Thomas Sowell reports, that in spite of racism, the black community before the Great Society was experiencing great economic growth.[i] The family is the building block of any community. Strong communities are based on strong families. After the Great Society, the black community is a mess. It may not be experiencing King’s dream, but it at least has a street named after him. Somehow, I think King would prefer to see his dream fulfilled.

In the 1990s, president Bill Clinton, with the help of a number of Republicans, greatly reduced the scope of the Great Society. He was aware of its deleterious effects and took action to make changes. Many Democrats are committed to socialism and fought Clinton’s changes tooth and nail. Many so-called black leaders (I did not vote for them) urged them on, in spite of socialism’s immoral, anti-family agenda from Hell. These men are quick to invoke King’s name, but somehow they have either forgotten or ignored his dream. Instead of King’s dream, they offer a nightmare that keeps the black family and the black community in a state of distress.

In many ways, I am an example of the success that King hoped for black people.
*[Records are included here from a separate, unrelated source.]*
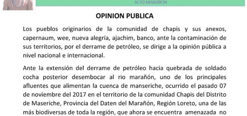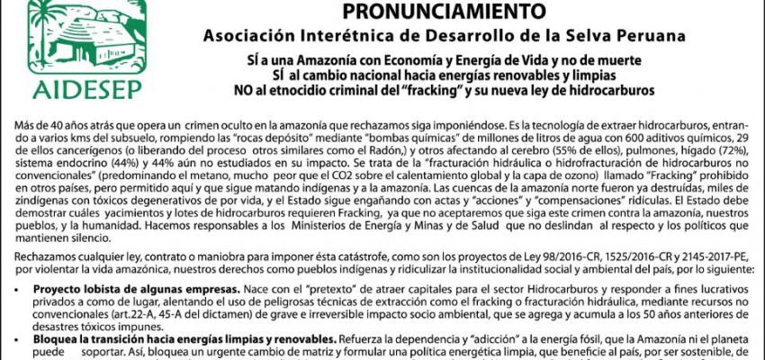 Organizaciones indígenas e instituciones de la sociedad civil se sumaron a Pronunciamiento de AIDESEP pidiendo prohibir el “Fracking” en la Amazonía y el rechazo a su nueva ley de hidrocarburos
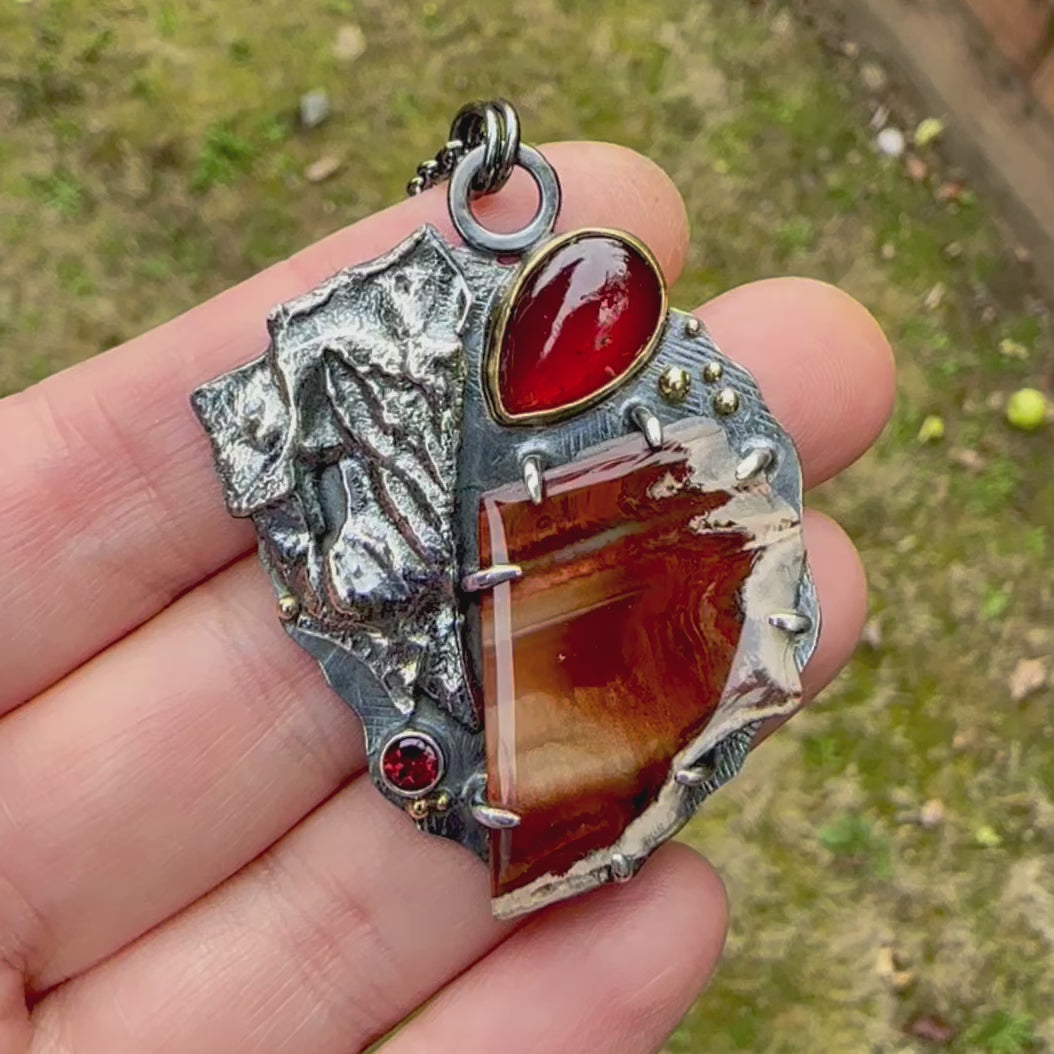Transformation pendant is made with raw edge agate (Indonesia), garnet and sculpted fused silver. The sculpted bit is made by melting and fusing bits of silver and sculpting it white is hot and pliable. Each sculpted piece is completely unique and impossible to re-create. Hessoniote garnet teardrop is set in 22K gold bezel. The granulation is 18K gold. Pendant measures 2 1/8 x 1 3/4" (excluding the bail loops). Chain is 18" - optional (add on).
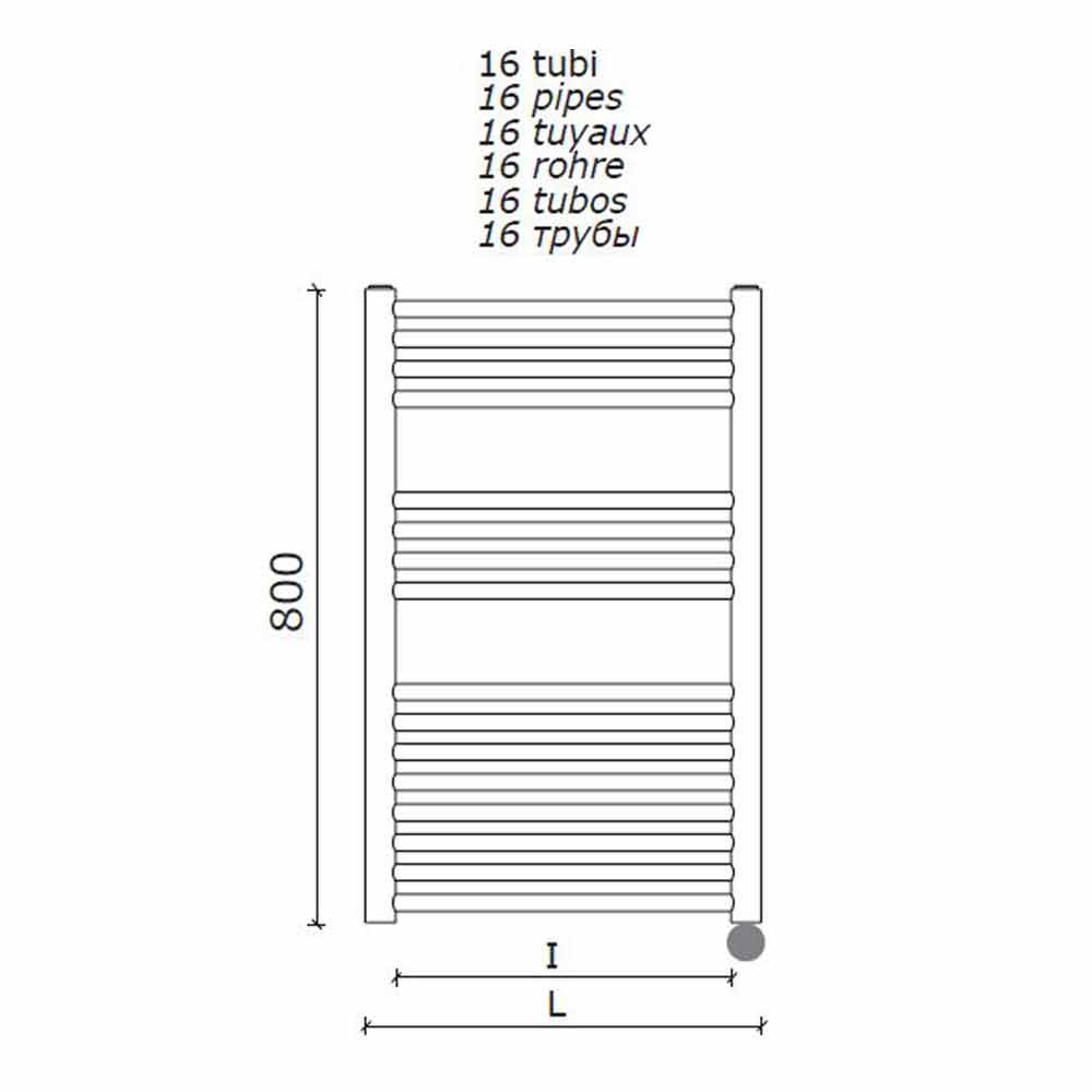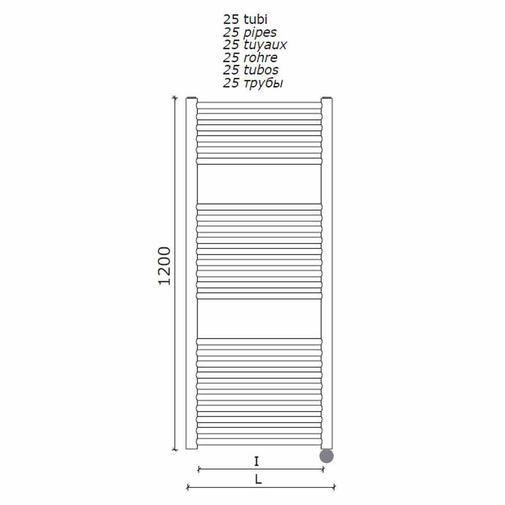 Radiator electric pentru prosoape montat pe perete pentru baie cu design vertical fabricat în Italia.

There are many other examples to point at, and there are more all of the time. The free market results in a rising tide that lifts all boats. Nonetheless, there are many more black people who are victims of the socialist system, who can’t get out. They believe that these socialist politicians care about them, when in actuality, these politicians are using them to stay in power and maintain the status quo.

It is not an accident, that Martin Luther King Jr. was a family man and a minister of the Gospel of Jesus Christ. He was empowered by the theological virtue of love (latin- caritas) The love of God and the love of man for God’s sake. This love moved him to do great things. This love cost him his life. This is not to say that King was perfect. History teaches us that the best of men are men at best. King’s dream, is a goal that all should strive for. His dream of a land of equal opportunity for all should extend far beyond the streets that are named after him.

[i] Thomas Sowell, Civil Rights: Rhetoric or Reality? (New York: Quill, '1984), 82-85.